I've also been getting questions about THIS character in particular, since a lot of people can't identify him:

He's Kodiak from The Bearriors - a group of eco-themed animal warriors, it was an obscure Coleco toy line and short-lived cartoon that ran in syndication in early 1988, and was kind of a cross between Captain Planet and the Teenage Mutant Ninja Turtles.

In 2004 they were even all set for a comeback (in the wake of similar revivals for GI Joe, Transformers, He-Man, etc) courtesy of start-up company Topp Hatt Toyz.

Wait - you've never heard of the Bearriors?!

That's because they don't actually exist!

The Bearriors were an elaborate hoax that the ToyFare editors came up with, and I was in on it from the beginning, creating pretty much all of the artwork for the fake line.
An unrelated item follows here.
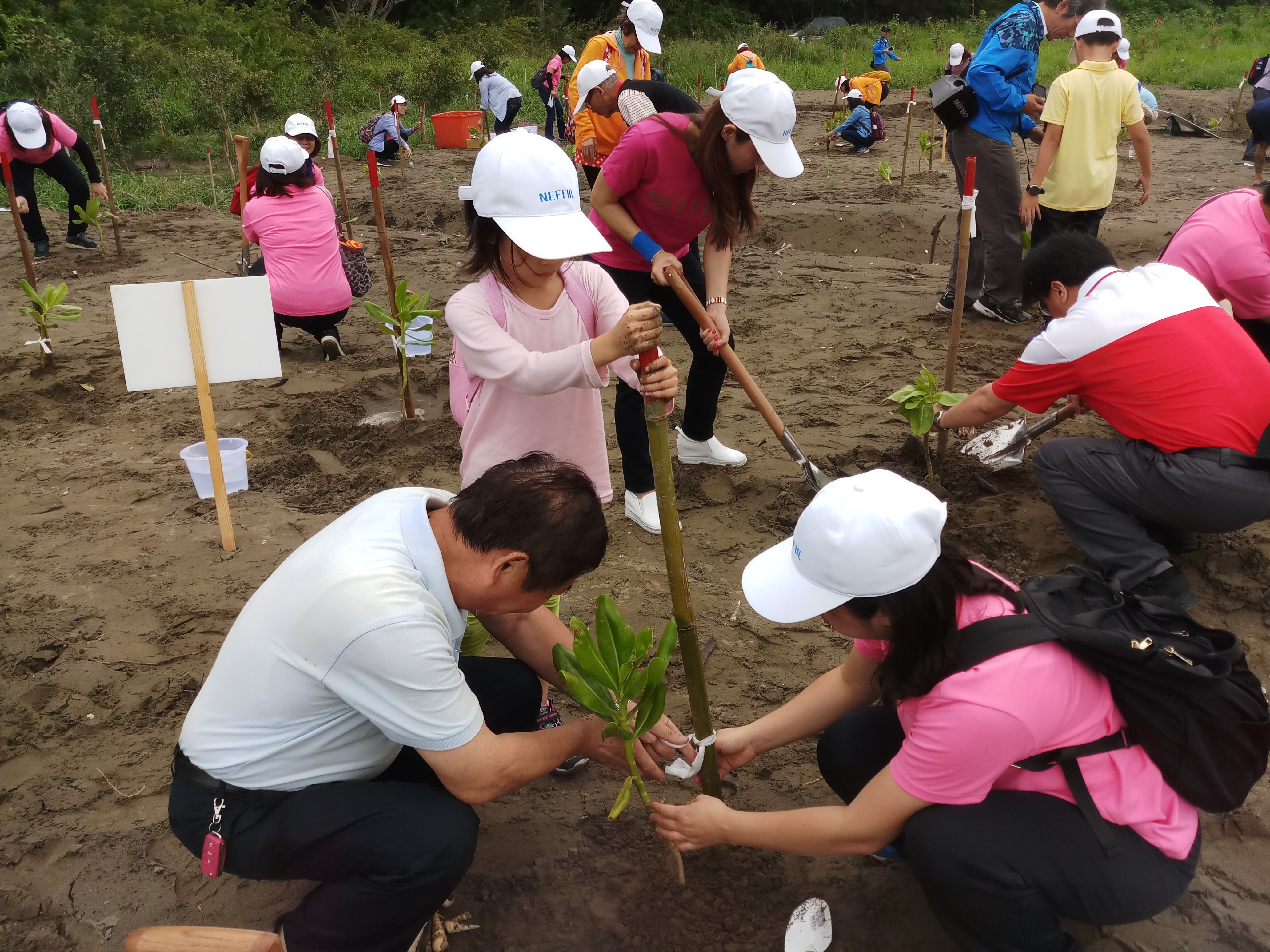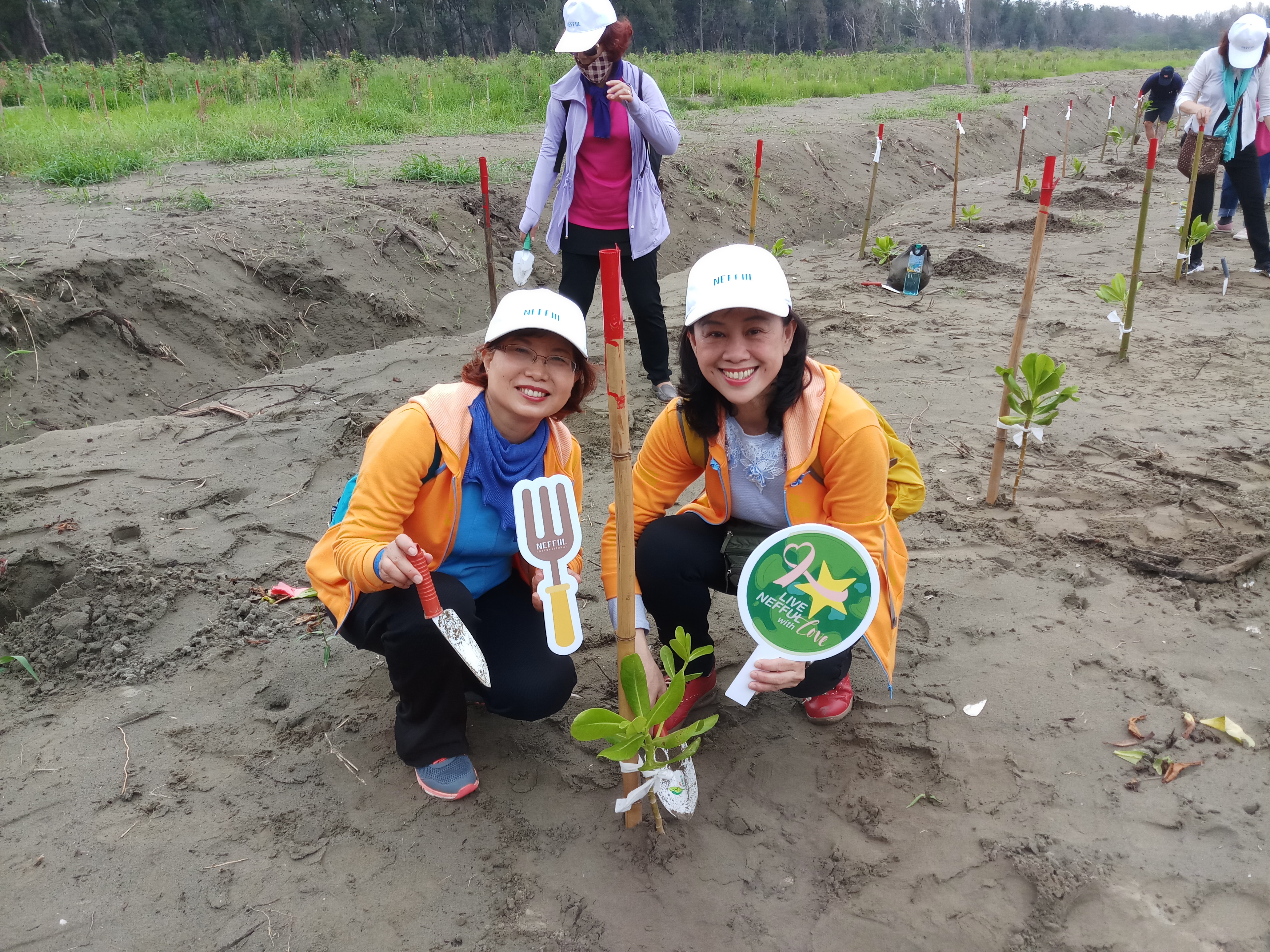 認養方式:捐款造林 認養期間:108年 植樹面積:0.21公頃,約525株 成果簡述: 妮芙露公司有感於近年台灣沿海海岸線退縮,且防風林受火災損害嚴重,與嘉義林區管理處共同推動海岸林復育工作,以具體行動守護山林及為地球環境盡一份心力,於108年認養臺南市安南區城西段造林地,栽植木麻黃、白千層、欖仁、草海桐,同時於108年5月4日與嘉義處共同辦理「Green Up Day種樹綠行動保護海岸線」植樹活動,於造林地親手植下一株小苗,體驗造林工作辛勞及為大地盡一份心力。
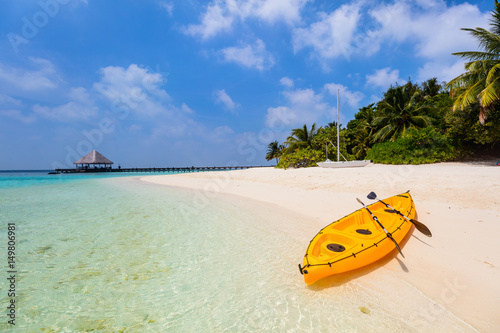 Obraz premium Beautiful tropical beach at exotic island in Maldives

The idea was to make up this fake 80's kids property that was "coming back" and drive the collectors bananas trying to remember or find info on a toy line and cartoon that never existed, similar to what Marvel Comics did with The Sentry some years back.

It all kicked off with a two page article featuring some custom made action figures that they commissioned (I'll try to dig up some picture of those - I didn't make them) and I drew some concept art of the "All-New" Bearriors:

Kodiak, the leader, had a sword:

Polaar, the muscle - wielded an axe:

Koalus, he was supposed to be some kind of a commando/mechanic with boomerang shaped sixguns:

Pandor, the silent ninja type - he had a katana sword:

Cinnamon, the token girl bear who was an archer:

Old "splinter" like grizzly bear mentor, I forget what his name was:

Ruckus, the raccoon sidekick/comic relief:

The ToyFare design staff made a nifty retro-chrome logo:

I did a few more:

I also did a bunch of designs and graphics that the magazine "leaked" every few months or so.

And of course I slipped one fo the characters into the 80's article illustration seen at the top of this post. Bottom line, the hoax worked - if the nerd message boards are to be believed. ToyFare eventually came clean about it in issue #122, four years after it started. Silly bears.